Exercise:
Take the lines from the beginning of the material through the line containing "Bakü'de düzenlenen Trampolin" and retype them exactly, leaving the pictures out.

======

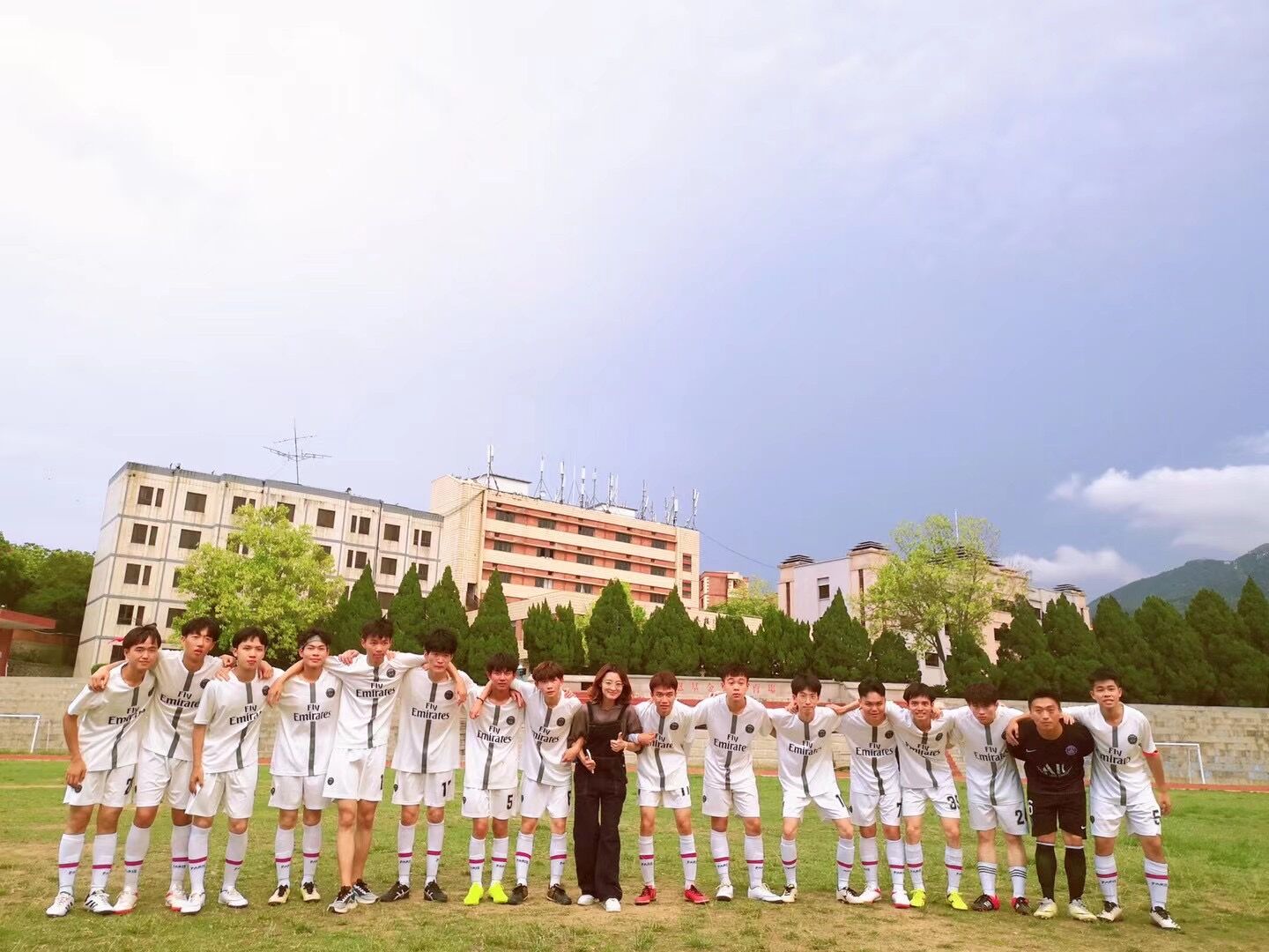 全体合照 裁判哨声响起,运动员们迅速进入状态,你争我夺,你攻我守。场上巧妙的传球,华丽的转身,完美的动作,默契的配合,赢得了啦啦队们的阵阵欢呼声。尽管天气炎热,但球员们个个激情澎湃,在赛场上挥洒汗水,展现自我。整场比赛打的十分火热,双方的攻势此起彼伏,随着场上的形式越来越焦灼,进攻越来越猛烈,场上的观众也逐渐多了起来,大家连声叫好,紧张的气氛一直环绕在球场上。经过了一个多小时的激烈比拼,最终,恭喜我系足球赛事喜进八强。
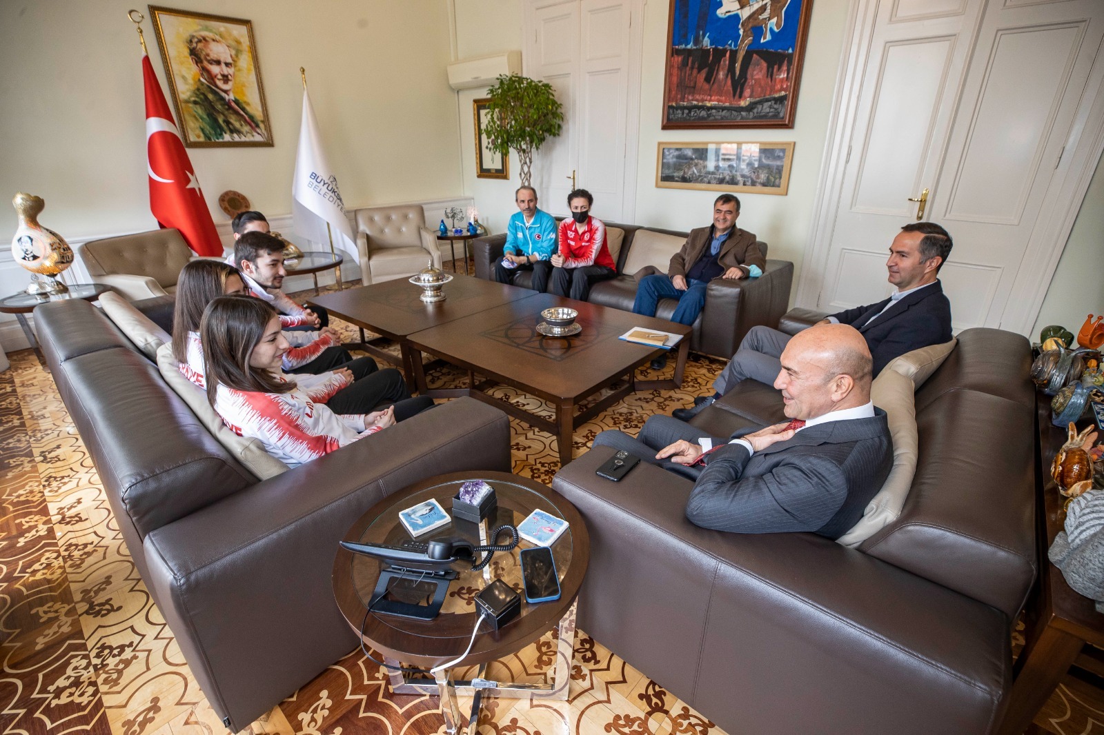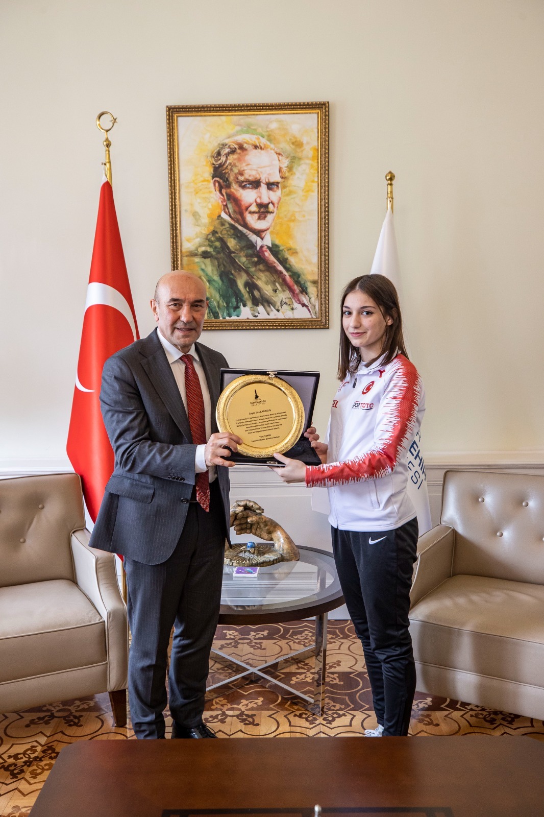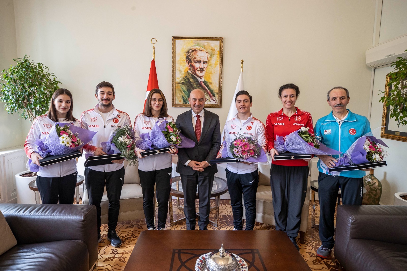 Bakü'de düzenlenen Trampolin Cimnastik Dünya Kupası'nda Türkiye adına ilk kez Dünya şampiyonluğu elden eden Sena Elçin Karakaş ve Sıla Karakuş ile yarışmada derece elde eden Hüseyin Engin Yontucu ve Gürkan Mutlu, İzmir Büyükşehir Belediye Başkanı Tunç Soyer’i makamında ziyaret etti. Ziyarette İzmir Büyükşehir Belediyesi Gençlik ve Spor Hizmetleri Dairesi Başkanı Hakan Orhunbilge ve sporcuların antrenörleri de yer aldı.
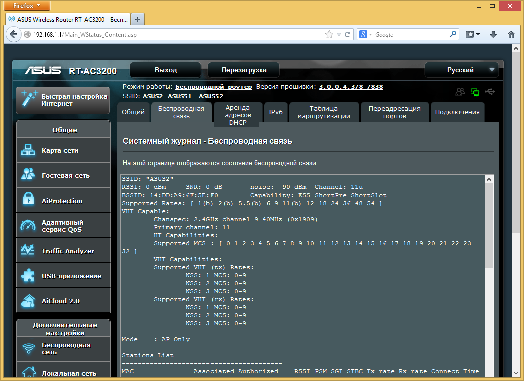 Традиционно роутеры Asus имеют расширенные возможности системного журнала. Кроме привычного списка событий, здесь есть страницы с информацией о беспроводных клиентах, выданных адресах DHCP, IPv6, таблица маршрутизации, список трансляции портов и таблица сетевых подключений. Поддерживается отправка записей журнала на внешний сервер syslog.
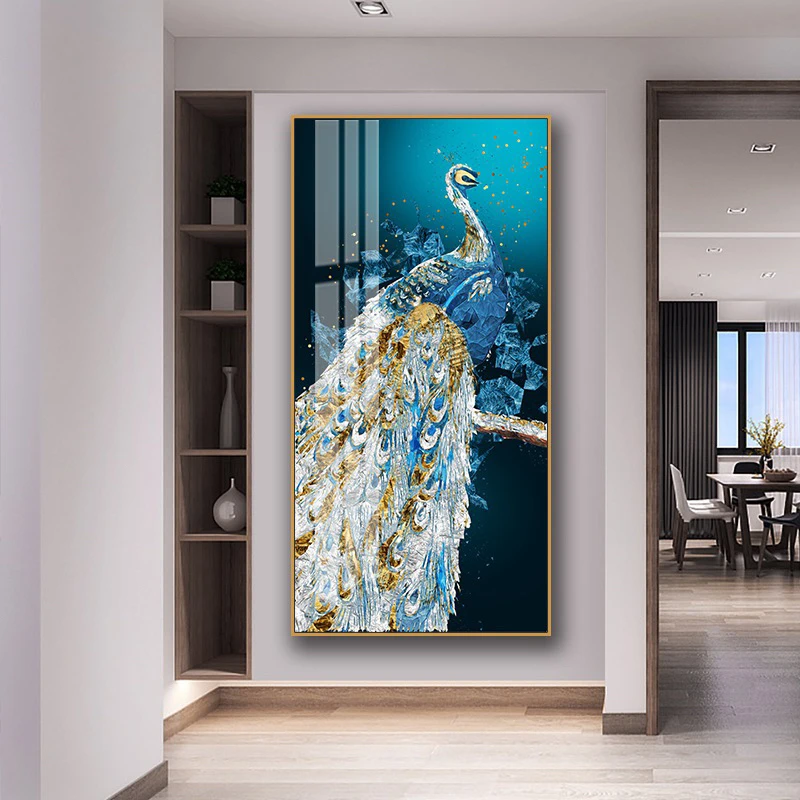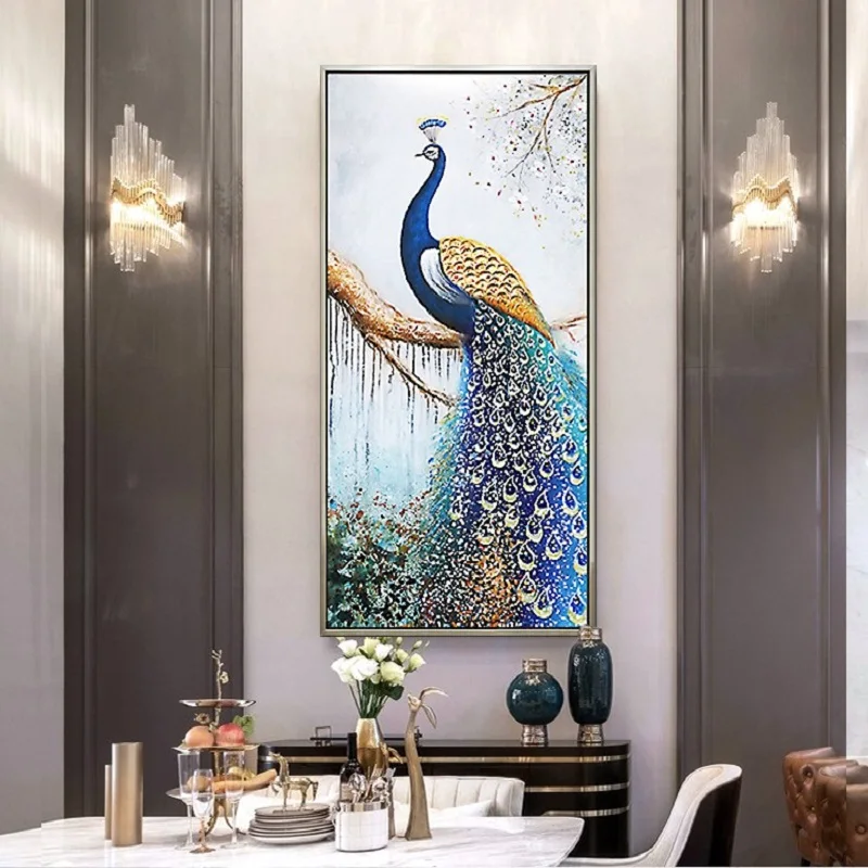 Декоративная картина для прихожей в скандинавском стиле, вертикальная картина маслом, прихожей, коридора, Современная Минималистичная роспись павлином
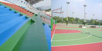室内外网球、排球、篮球、手球、羽毛球等场地; 学校、幼儿园、公园游戏地板等; 屋顶运动场、多用途运动地板。 性能特点 具有极为优异之耐候性,耐磨耗性,耐水性,接着性,多种色彩。表面上止滑处理,弹性佳,清洁保养容易维护修补容易。

======

The answer:
 全体合照 裁判哨声响起,运动员们迅速进入状态,你争我夺,你攻我守。场上巧妙的传球,华丽的转身,完美的动作,默契的配合,赢得了啦啦队们的阵阵欢呼声。尽管天气炎热,但球员们个个激情澎湃,在赛场上挥洒汗水,展现自我。整场比赛打的十分火热,双方的攻势此起彼伏,随着场上的形式越来越焦灼,进攻越来越猛烈,场上的观众也逐渐多了起来,大家连声叫好,紧张的气氛一直环绕在球场上。经过了一个多小时的激烈比拼,最终,恭喜我系足球赛事喜进八强。
 Bakü'de düzenlenen Trampolin Cimnastik Dünya Kupası'nda Türkiye adına ilk kez Dünya şampiyonluğu elden eden Sena Elçin Karakaş ve Sıla Karakuş ile yarışmada derece elde eden Hüseyin Engin Yontucu ve Gürkan Mutlu, İzmir Büyükşehir Belediye Başkanı Tunç Soyer’i makamında ziyaret etti. Ziyarette İzmir Büyükşehir Belediyesi Gençlik ve Spor Hizmetleri Dairesi Başkanı Hakan Orhunbilge ve sporcuların antrenörleri de yer aldı.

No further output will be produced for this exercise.